The study was conducted in accordance with the Declaration of Helsinki (as revised in 2013). The study was approved by the Ethics Committee on Biomedical Research of West China Hospital, Sichuan University (No. 2020-1219). The committee waived individual consent for this retrospective analysis because it only involved the use of ultrasound images and did not involve patients’ personal information.

Patient population

The medical records of consecutive patients with DCIS confirmed by surgical pathology were collected from January 2013 to April 2019 to form a training data set. The inclusion and exclusion criteria were based on the gold standard of pathology ().

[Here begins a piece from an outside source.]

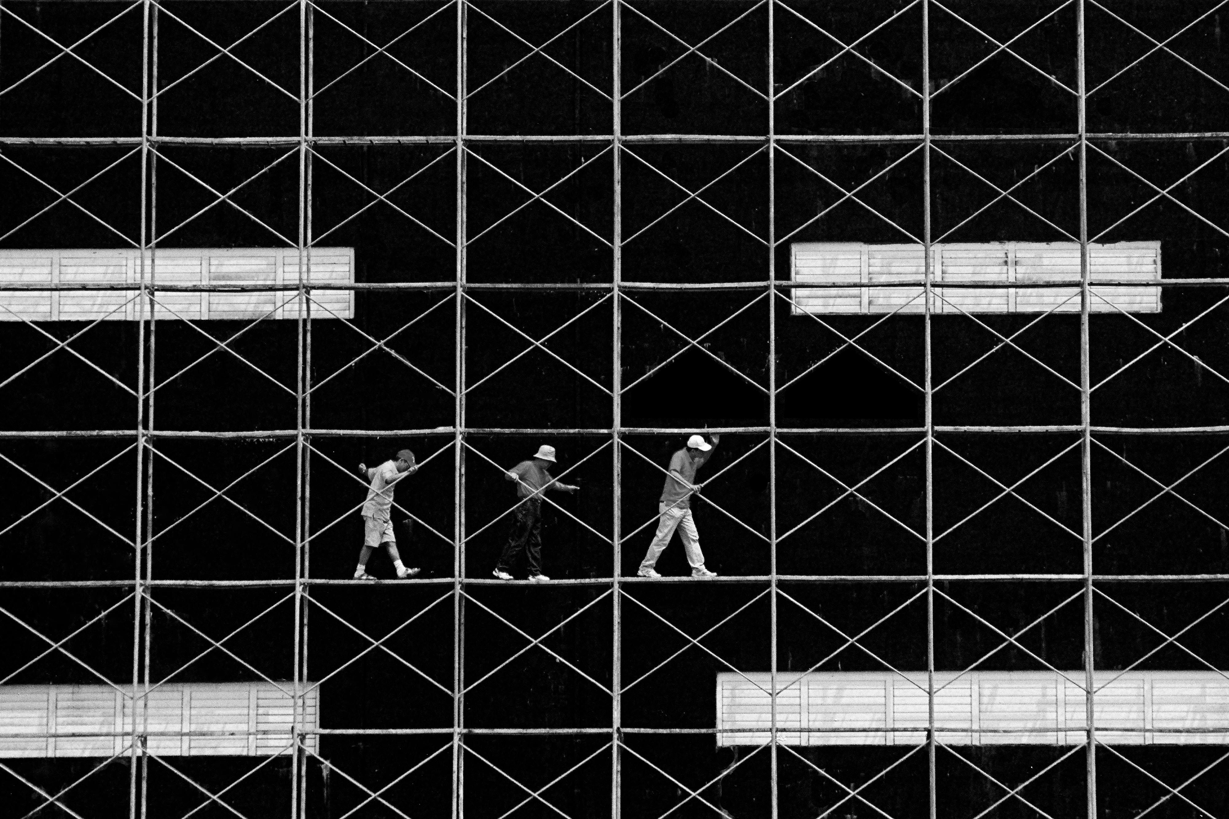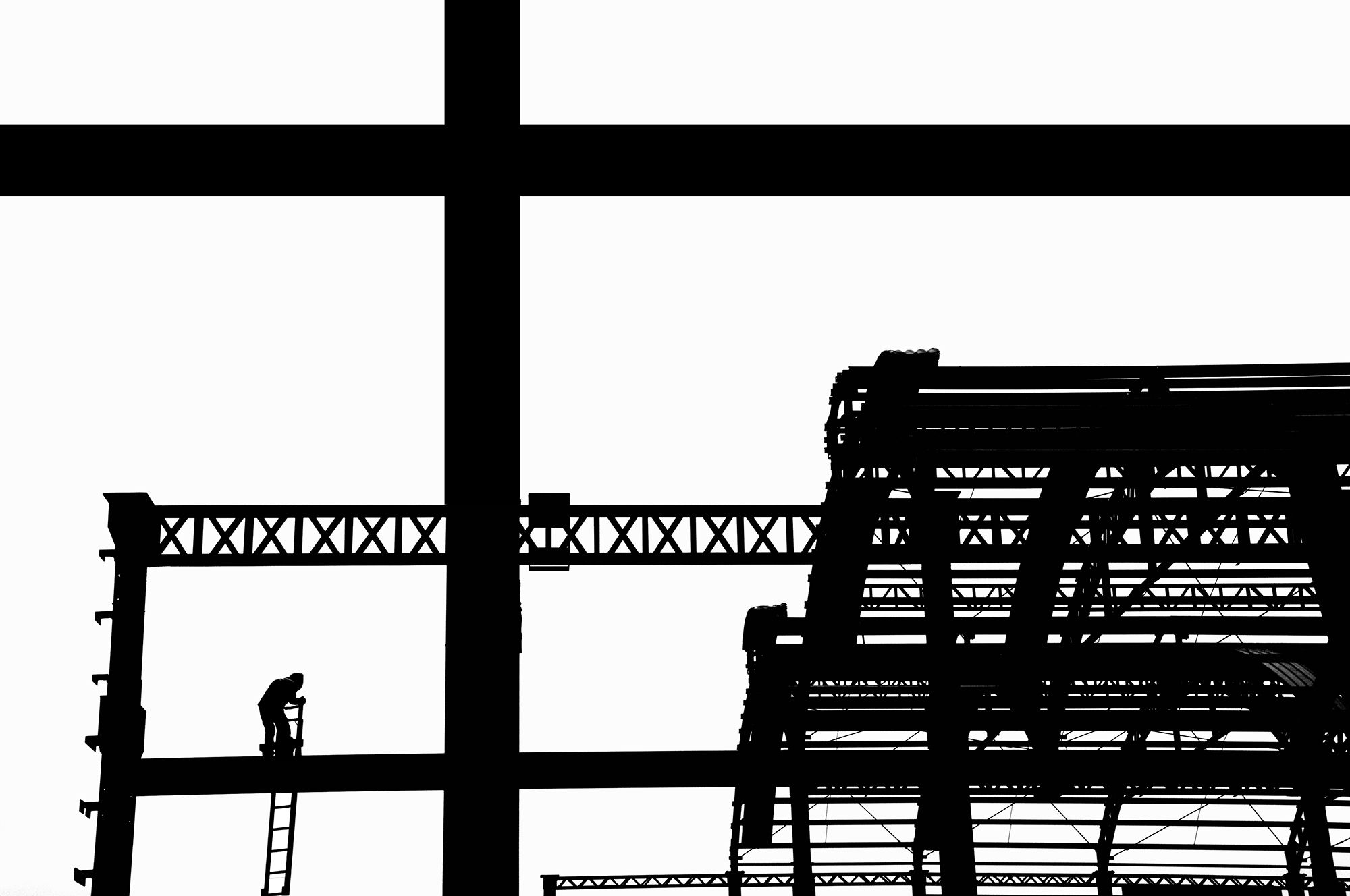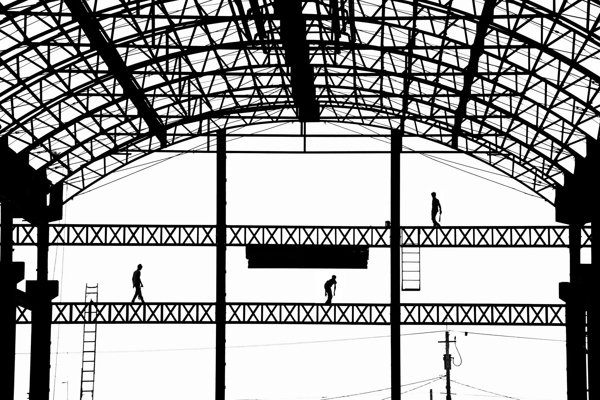 When I creat the series, “Rhythm on the shelf”, I attempt to find some uniqueness and sense of artistic of the structure while it is under construction. In this series, I consider scaffolding, reinforcing bars and steels as strings and stave.I take the workers on shelf as musical note.The whole series shows the view with high contrast and surreal.

The inclusion criteria were as follows: (I) the patient underwent an ultrasound examination in the 14 days before surgery; (II) the ultrasound images showed lesions that could be used for evaluation; (III) the patient underwent a simple mastectomy, and the lesions were completely removed for testing, after which the comprehensive pathological report confirmed either DCIS or DCIS MIC; (IV) if the patient had a multi-center or multi-focus DCIS, only the largest lesion was included in the analysis; and (V) the image background was uniform, with appropriate gain, and the lesion was clearly visible. The exclusion criteria were as follows: (I) any patient with invasive carcinoma of T1a or above; (II) any patient with a pathological diagnosis of DCIS or DCIS MIC where the tumor could not be located using an ultrasound; and (III) the background quality of the ultrasound image was poor, such that the tumor could not be recognized. Subsequent comprehensive pathological reports indicated DCIS with and without MIC in 213 and 254 patients, respectively. External verification data were collected using the same methodology from Sichuan Provincial People’s Hospital , comprising 101 patients with DCIS (68 without MIC; 33 with MIC).

Figure 1

A flow chart of data collection. DCIS, ductal carcinoma in situ; MIC, microinvasion; DNN, deep neural network.

Pathological assessment

The criteria for MIC were the presence of invasive foci on continuous sections of tumor tissue and a maximum diameter of the largest invasion less than or equal to 1 mm, according to the American Joint Committee on Cancer (AJCC) guidelines (6). The final surgical pathological report recorded the nuclear grade (low, medium, or high), the presence/absence of necrosis, and the expression statuses of estrogen receptor (ER), progesterone receptor (PR), human epidermal growth factor receptor 2 (HER2), and the nuclear protein Ki-67. For the classification criteria of molecular markers, see Appendix 1.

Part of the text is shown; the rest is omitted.